Als Rektor Ansver Sobtzick zusammen mit Caritas Geschäftsführer Josef Bauer und dem Staatsminister Helmut Brunner sowie dem Abgeordneten Max Gibis die Klassenlehrerin Frau Becker und die Klasse HS A besuchten, kamen die beiden Abgeordneten gleich ein bisschen mit den Schülern dieser Jahrgangsstufe ins Gespräch. Die Klassenlehrerin erklärte, dass eine Klassenstärke von neun Schülern in etwa Standard sei und mit Erziehungs- und Pflegepersonal neben der Lehrerin etwa vier bis fünf Personen mit den Kindern arbeiten. „So kann eine bestmögliche individuelle Betreuung sowohl am Vormittag als auch am Nachmittag erreicht werden. Zum Ende des Besuches in der Klasse HS A gab es noch ein Erinnerungsfoto mit den Schülern sowie mit Staatsminister Helmut Brunner und dem Abgeordneten Max Gibis. Die Klassensprecherin der HS A hatte sogar noch ein paar Abschiedsworte und einen Weihnachtsgruß an die Gäste vorbereitet.

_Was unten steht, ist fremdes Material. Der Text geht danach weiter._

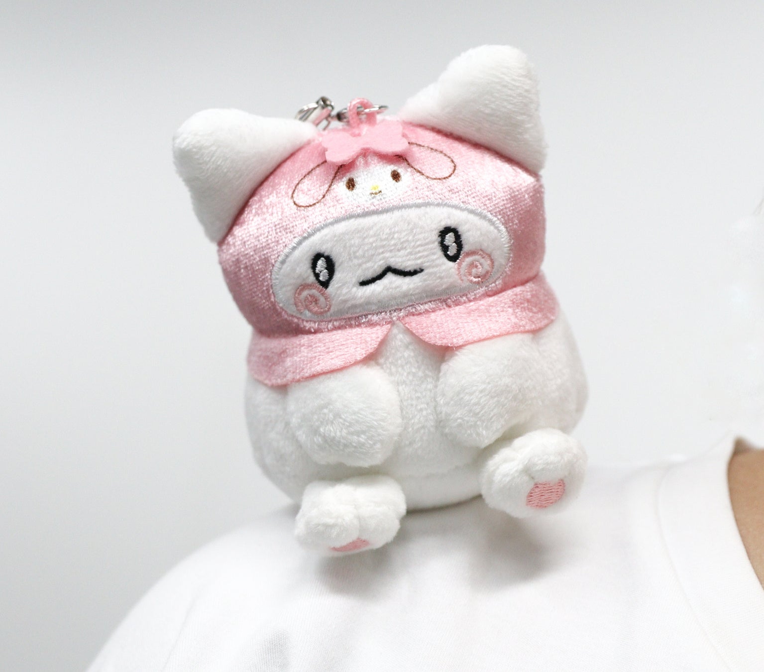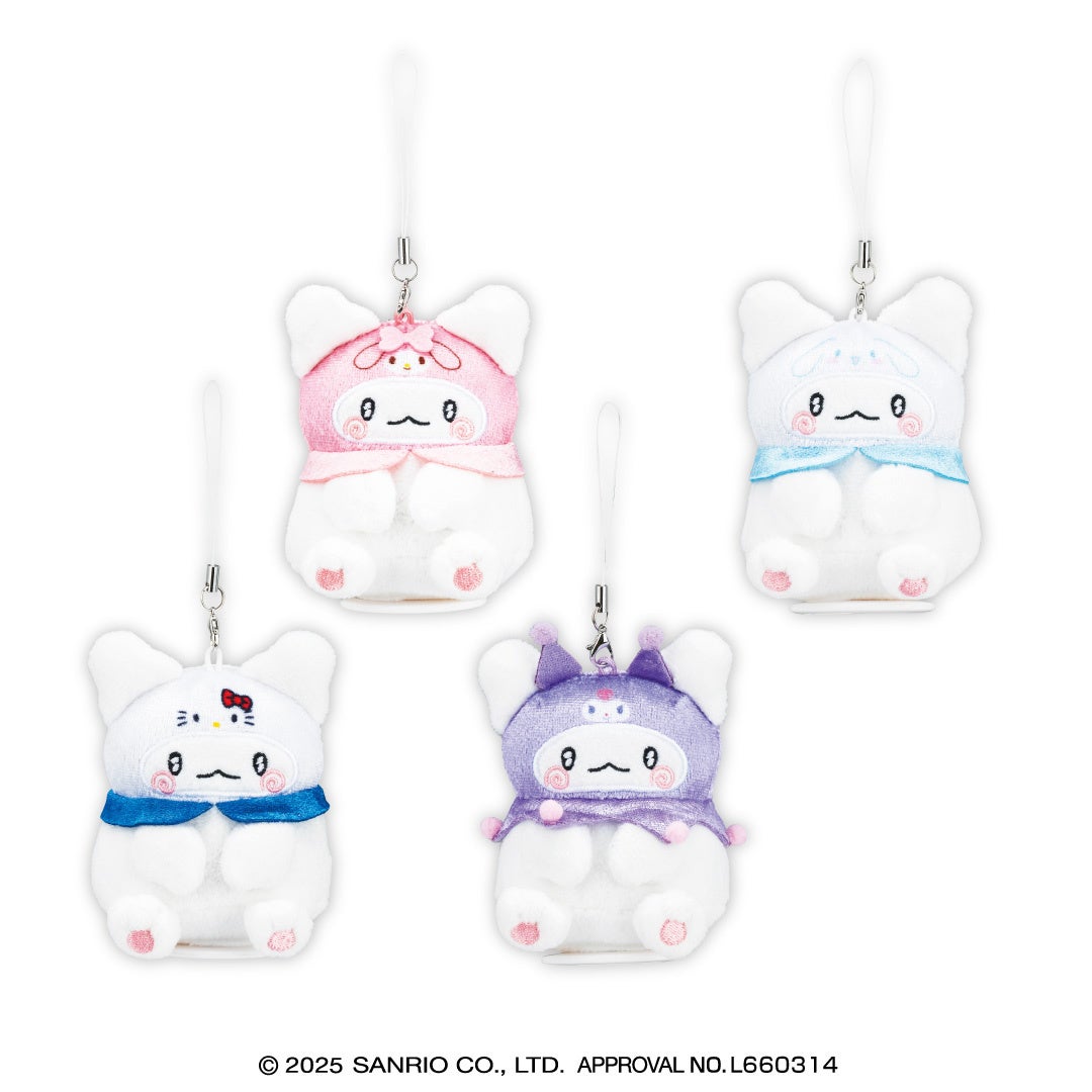ハローキティ、マイメロディ、クロミ、シナモロールになりきった「はなまるおばけ」のとってもキュートな手のひらサイズのマスコット。

 Bei der abschließenden Gesprächsrunde betonte Rektor Ansver Sobtzick, dass die größte Herausforderung für ihn darstelle, den Eltern die Berührungsängste zu nehmen und sie davon zu überzeugen, dass ihre Kinder in der Caritasschule St. Elisabeth hervorragend aufgehoben sind. Staatsminister Helmut Brunner und MdL Max Gibis zeigten sich davon überzeugt, dass es den Schüler im Förderzentrum St. Elisabeth an nichts fehle, eine optimale Betreuung gewährleistet sei und dass hier sehr wertvolle und gute Arbeit geleistet werde.